3. 地域変革のビジョン(第3章・第4章)
愛知県知事(当時)の大村秀章氏との対談で、「中京都構想」(名古屋を首都機能の一部に移す)を提案。地方自治の限界として、中央集権の弊害を指摘し、税源移譲や住民参加型の民主主義を求める。河村氏は「楽市・楽座」の精神を現代的に解釈し、公平な市場と市民主導の政治を理想とする。
4. 全国への波及と批判(第5章・対談)
大阪府知事(当時)の橋下徹氏との対談で、日本の「なんちゃって民主主義」を批判。中央政界の腐敗を糾弾し、河村氏自らが「総理を狙う男」として、全国減税(減税日本)の実現を宣言。ポピュリズムと揶揄されるスタイルを逆手に取り、市民直接参加の政治を推進する。
全体を通じてのテーマは「減税こそ正義」だ。河村氏は、増税路線を「デタラメ」と切り捨て、行政スリム化による財源確保を主張。出版当時のレビューでは、「庶民の味方として痛快」と評価される一方、「ポピュリズム的で現実味に欠ける」との声もあった。    
市長時代の実績と限界
出版から15年、河村氏は名古屋市長として4期(2009〜2024年)を務め、多くの公約を実現させた。
市長就任後、市民税の恒久減税を断行し、10年間で総額1000億円の減税を実施。結果、税収は減税前を上回る増加を記録し、本書の主張を実証した形だ。自らの報酬を年800万円に削減(全国最低水準)、退職金ゼロ、公用車を軽自動車に切り替え、SP(警護)を断るなど、議員特権廃止のモデルを示した。  
行政改革面では、救急車の到着時間を日本一に短縮(市民の命優先)、朝鮮学校への補助金半額、中国総領事館設置阻止、南紀白浜への公費旅行廃止など、具体的な成果を上げた。

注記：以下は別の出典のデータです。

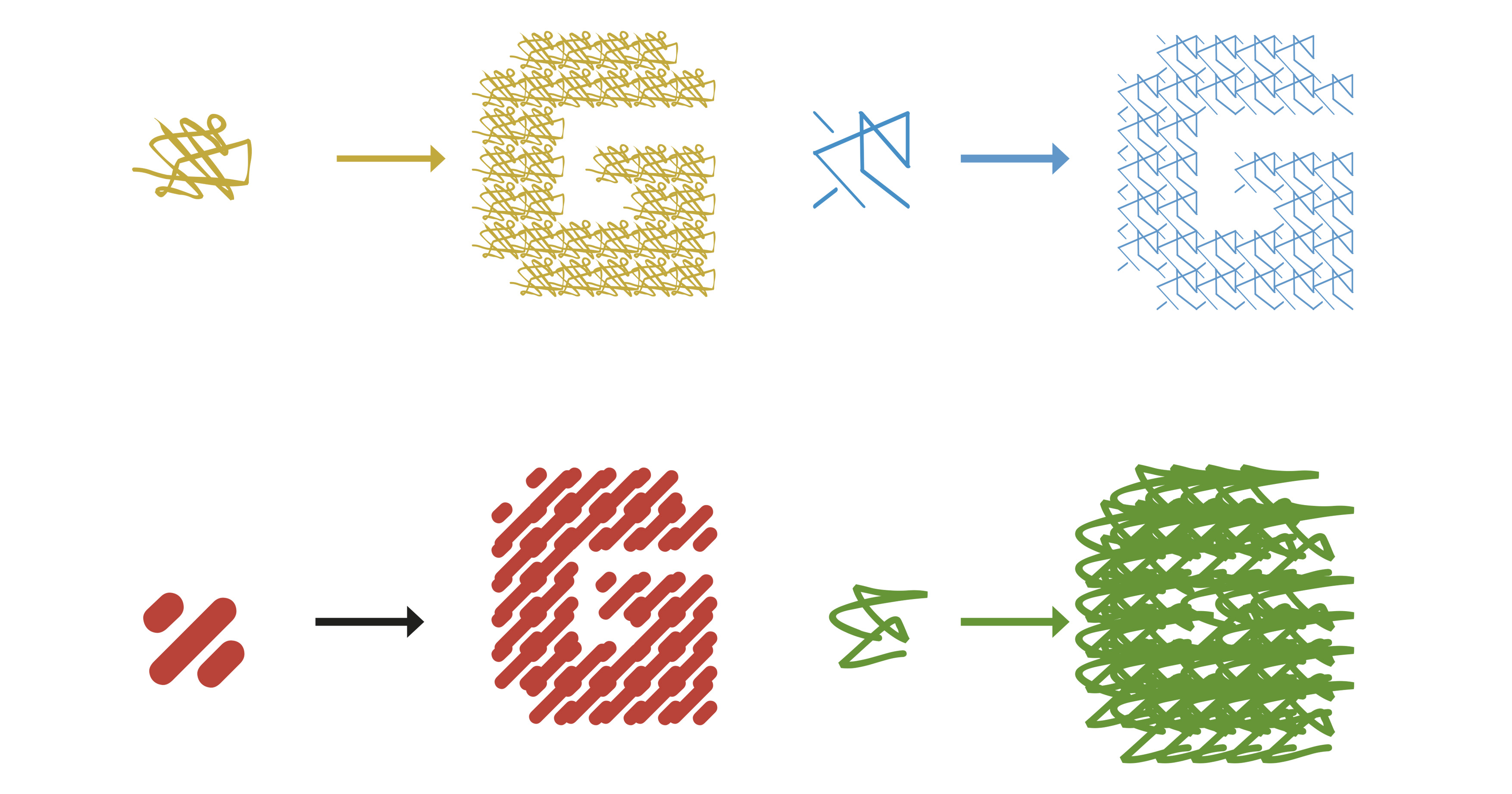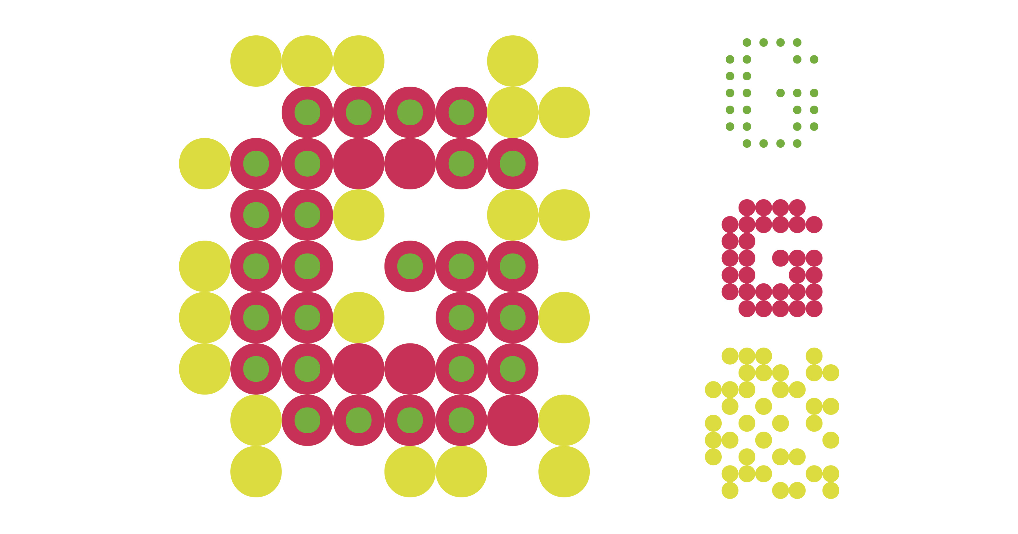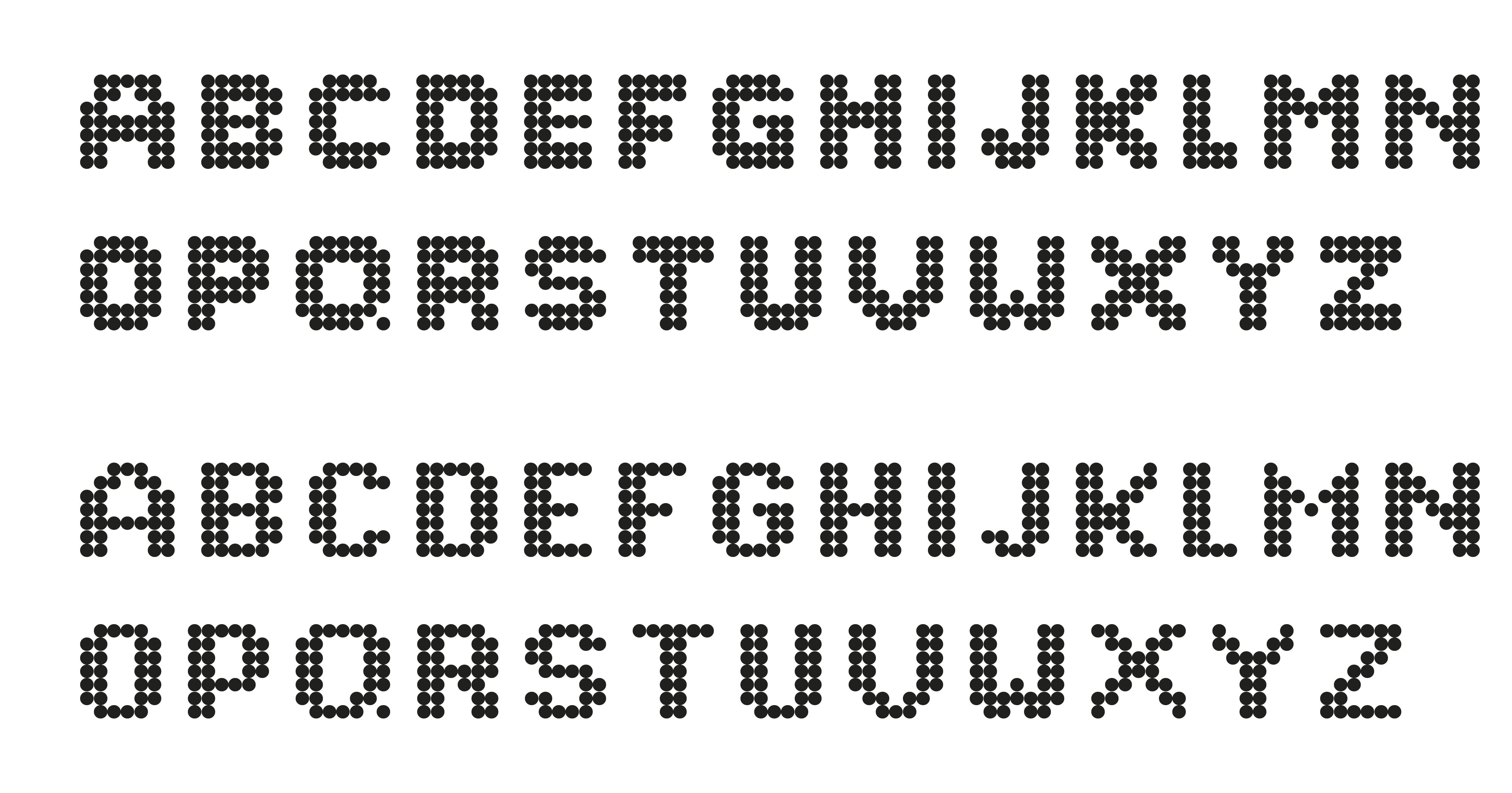 Zwei der Schnitte lassen sich als reguläre Pixel-Schrift in Regular und Bold verwenden, der dritte Grundschnitt orientiert sich abstrakt an den Formen der Buchstaben. Da alle Schnitten auf dem selben Raster aufgebaut sind, sind sie untereinander kompatibel und können kombiniert und überlagert werden.

トリエンナーレ(国際芸術祭)の開店休業状態も、予算削減の一環として位置づけられる。
 
全体として、本書のビジョンの7割以上が実現したと言えるが、中央集権の壁は厚く、税源移譲や全国減税は市長の権限を超えていた。河村氏はこれを「地方自治の限界」と本書で予見しており、それが後の国政復帰につながる。
最近の取り組みとの結びつき
2024年10月、河村氏は市長を辞職し、衆院選(愛知1区)に立候補。日本保守党の共同代表として当選を果たした。当選の瞬間、水をかぶる恒例のパフォーマンスは健在で、減税日本から保守党への移行は、本書の「全国波及」ビジョンを体現するものだ。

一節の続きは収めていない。